You may need to use a raised toilet seat following your surgery. If so, please bring your own toilet seat into hospital with you as we do not provide them.

General Advice

  • A long-handled sponge is useful to wash your legs and feet
  • A rail installed by the bath wall may provide you with some stability when getting in and out of a bath.
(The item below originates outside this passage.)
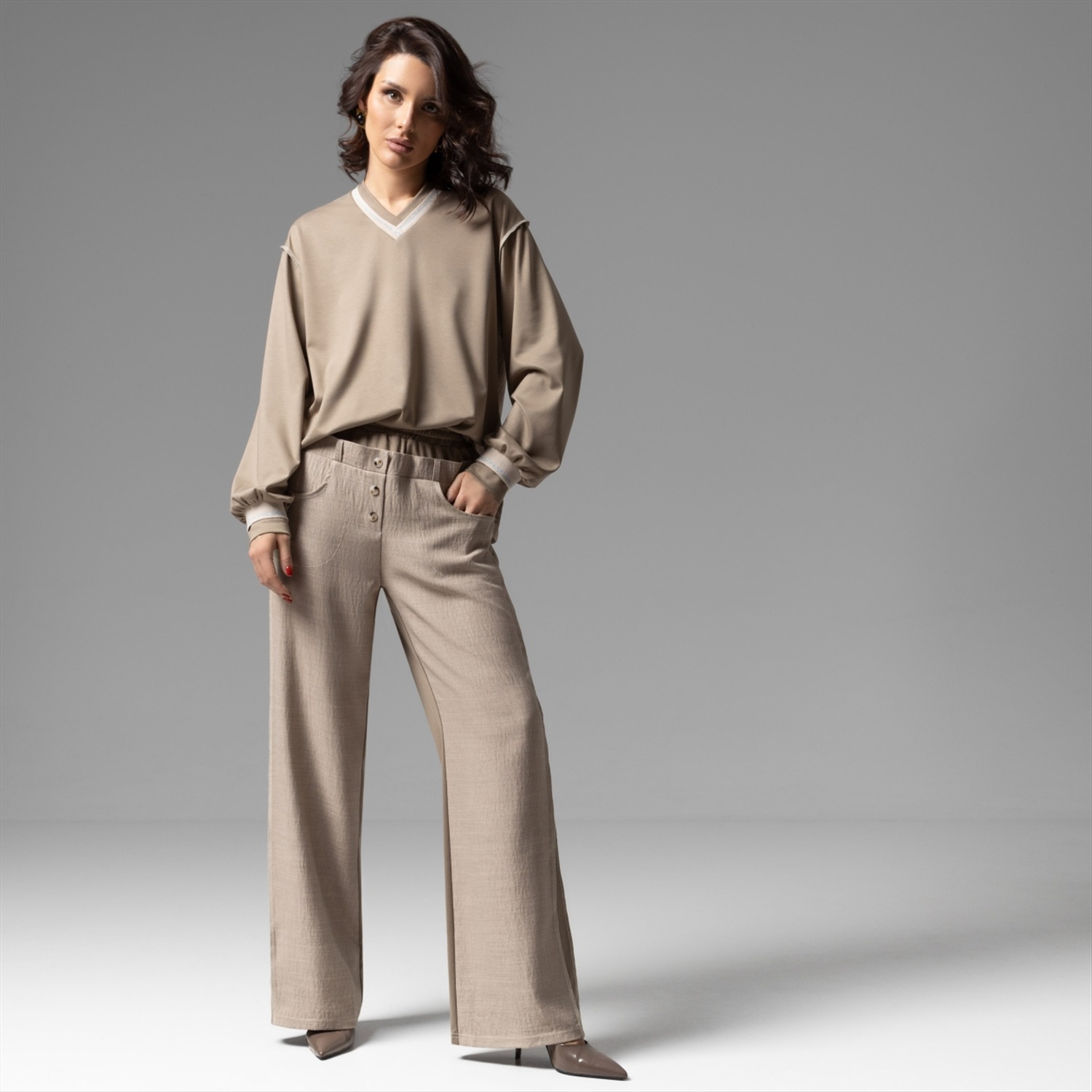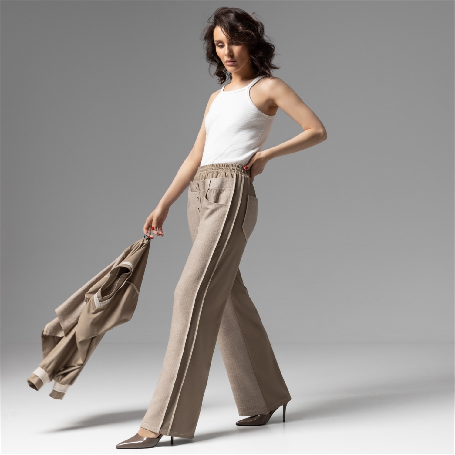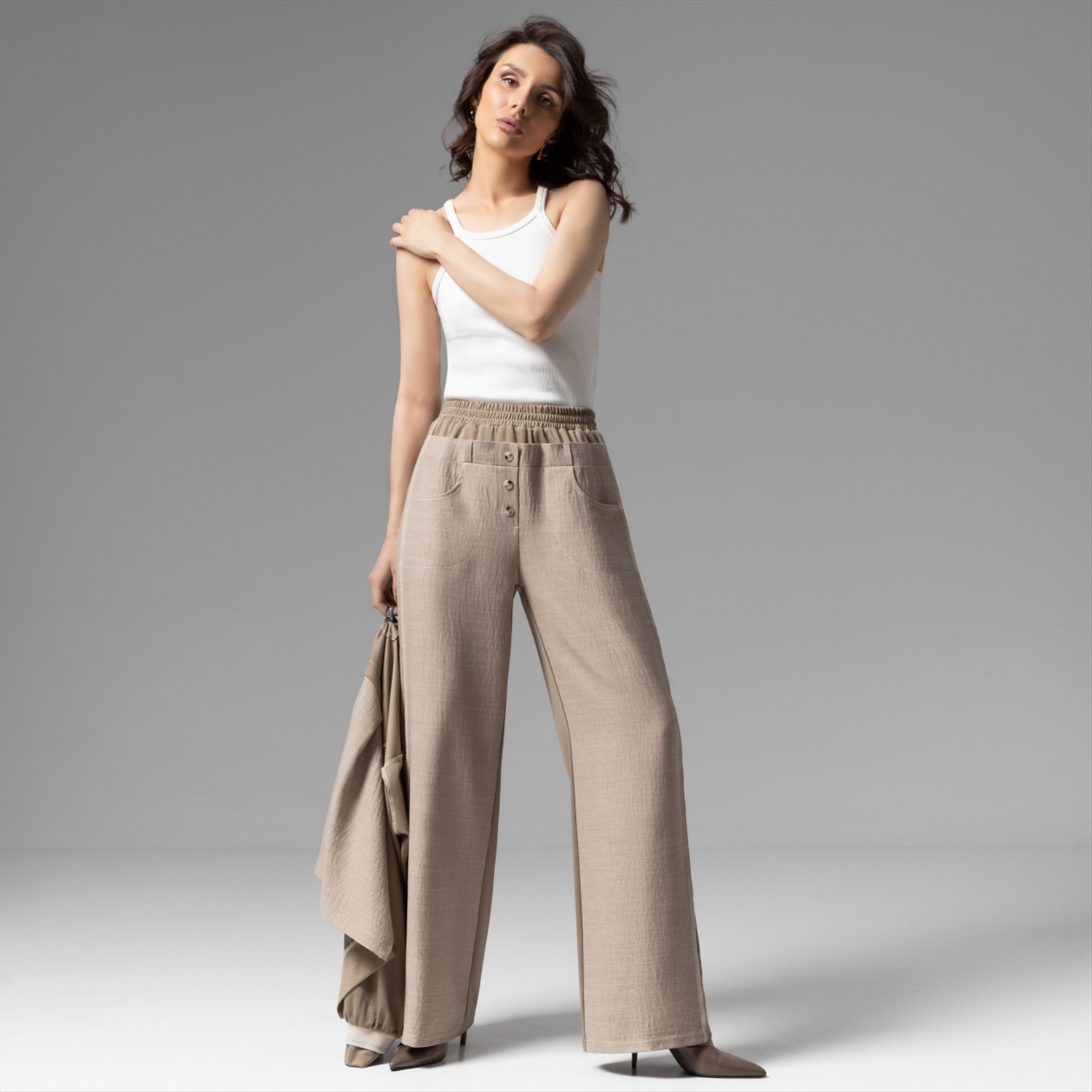 Состав: Костюмная ткань «люсан», трикотаж «милано» + трикотаж подклад (65% полиэстер, 30% вискоза, 5% спандекс) Плотность ткани: Средняя Тип ткани: Трикотаж, текстиль Вид застежки: Нет Высота посадки: Высокая Декоративные элементы: Другое Дополнительный цвет ткани: Бежевый Карманы: Накладные Основной цвет ткани: Бежевый Отрезная талия: Есть Подклад: Есть Резинка по талии: Есть Рисунок/раппорт: Нет, все изделия идентичны Сезон: Круглогодичный Силуэт: Свободный Стиль: Повседневный Фасон брюк: Широкие Фасон брюк: Широкие Параметры модели на фото:

  • Non-slip mats in and outside of the bath or shower will decrease the risk of falling
  • If you are worried about turning over in bed, have pillows on either side of you to prevent this
  • If you are fit enough, your physiotherapist will show you how to pick up objects off the floor safely using an extend a hand
  • An apron with pockets, shoulder bag or knapsack is useful to carry items around the house
  • It is recommended that you have a pair of rubber soled slip-on shoes for easy wear and reducing the risk of slipping
  • A high stool (without wheels) in the kitchen is helpful especially for doing the dishes
  • You may resume sexual intercourse when you feel ready. You should be the passive partner initially. Remember your hip precautions. Stop if it becomes painful
  • Once at home, try to gently increase your level of activity, walking a little further each day. You should continue to use your walking aids as advised
  • You must continue to adhere to all the precautions listed for at least six weeks after your operation. The tissues around the hip will take this long to heal completely
  • Experience has shown that patients do not normally need any special exercises or physiotherapy when they go home, but must continue the exercises that have been shown in hospital
  • Tell your GP that you have had a hip joint replacement and inform him/her if you are unwell or develop an infection, skin rash etc. If you need dental treatment, tell your dentist that you have had a joint replacement. The same applies if you have any other form of surgery or treatment.